Preamble
Gleam compiles to Erlang on the BEAM and adds a static type system and syntax that feel closer to ML-family languages than to Erlang’s Prolog-flavored surface. For someone coming from Python or Java services, it is a friendly on-ramp to actors, message passing, and OTP—with the compiler nagging you about impossible cases before production does.
This post is the first implementation pass against A Language-Agnostic Concurrent Workload for 2025 Comparisons’s concurrent workload spec: processes instead of shared mutable heaps, mailboxes instead of mutex soup.
Processes and messages
BEAM processes are cheap. You spawn many of them, send messages asynchronously, and avoid sharing memory by default. That isolation is the platform’s central bet: failure is localized unless you explicitly link processes.
Gleam’s FFI to Erlang/OTP allows calling into supervisor, gen_server-shaped patterns, and battle-tested libraries while keeping Gleam modules at the edge for typed orchestration.
OTP primitives in the mental model
Supervisors encode restart strategies—which children restart, how often, and whether siblings come along for the ride. Monitors and links express “tell me if this dies” versus “die with this.” Those primitives are not boilerplate trivia; they are how you implement recovery when A Language-Agnostic Concurrent Workload for 2025 Comparisons’s workload injects crashes.
Mapping the workload
Workers are modeled as process families with explicit mailboxes. Producers respect bounded mailboxes or explicit backpressure policies from the spec. Collectors may be a dedicated process receiving tallies—message passing keeps hot paths easier to reason about than ad hoc shared counters, though you can still bottleneck if design is careless.
Debugging early
Structured logs keyed by process id (and correlation IDs if HTTP sits upstream) pay dividends immediately. The BEAM’s introspection culture—observer, remote shells, tracing—rewards operable code. “It works on my laptop” is insufficient; traces should survive load tests.

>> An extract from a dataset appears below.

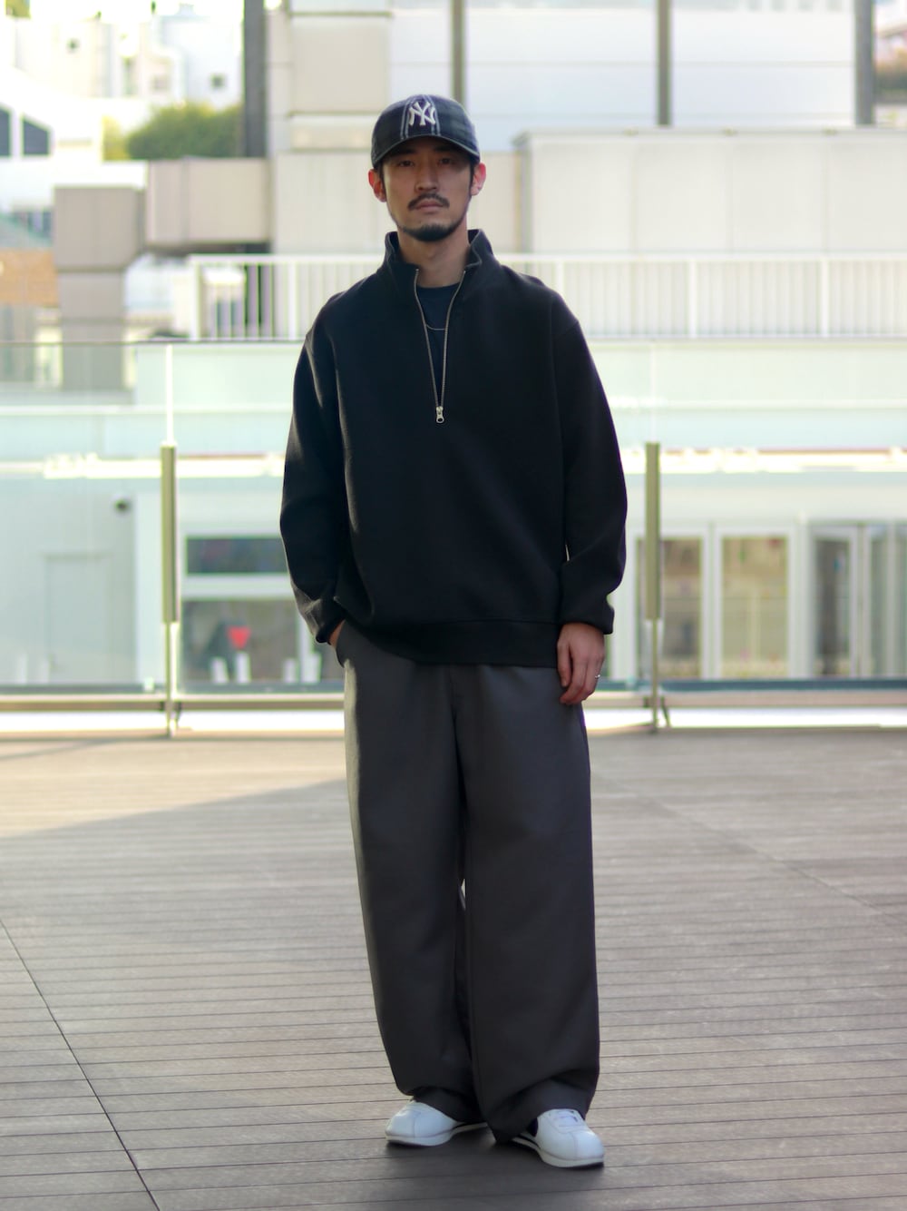 ワントーンで合わせました。秋に活躍するハーフジップのスウェットはどんなスタイルにもハマりそうな万能アイテムです!
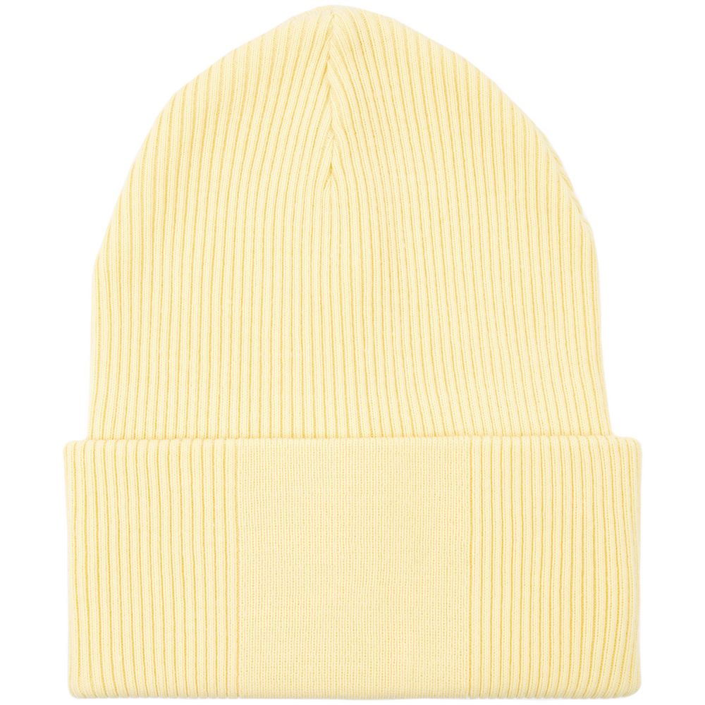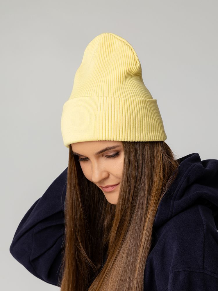 Двухслойная шапка фактурной вязки с отворотом и специальной более гладкой областью под вышивку.

Code shape: typed jobs in Gleam, processes on the BEAM
Gleam gives you algebraic data types for the workload job envelope from A Language-Agnostic Concurrent Workload for 2025 Comparisons; the runtime still delivers messages the Erlang way. A minimal type you can share across modules:
pub type Job {
Job(id: Int, tag: String, work_units: Int, sleep_ms: Int)
}
The worker loop is still “receive, compute, reply”—here in Erlang so you can run it in erl today; Gleam on the BEAM compiles to Erlang modules and uses the same mailbox and scheduler semantics:
-module(worker).
-export([start/0, loop/0]).
start() -> spawn(fun loop/0).
loop() ->
receive
{job, JobId, Work, SleepMs} ->
busy(Work),
timer:sleep(SleepMs),
collector ! {done, JobId},
loop()
end.
busy(0) -> ok;
busy(N) -> busy(N - 1).
Backpressure pattern: use a blocking send to a bounded mailbox (or a credit/token process) so producers cannot allocate without bound—mirroring the “bounded queue” rule in A Language-Agnostic Concurrent Workload for 2025 Comparisons. In Gleam, that is often a small OTP-style process that owns the queue depth counter; the types keep the message variants honest even when the VM is dynamically typed underneath.
Supervision hook: workers are started under a one_for_one supervisor with MaxR/Within tuned so injected crashes from that spec become measurable recovery intervals, not infinite restart storms—Supervision Trees and Rust Task Hierarchies goes deeper on intensity windows.
Conclusion
Gleam does not replace Erlang’s runtime; it rides it with types and ergonomics. Gleam and the BEAM Scheduler Under Load runs the benchmark harness hard and watches scheduler fairness; Rust and Tokio: The Same Concurrent Workload in Type-Safe Threads ports the same workload to Tokio for a typed async comparison.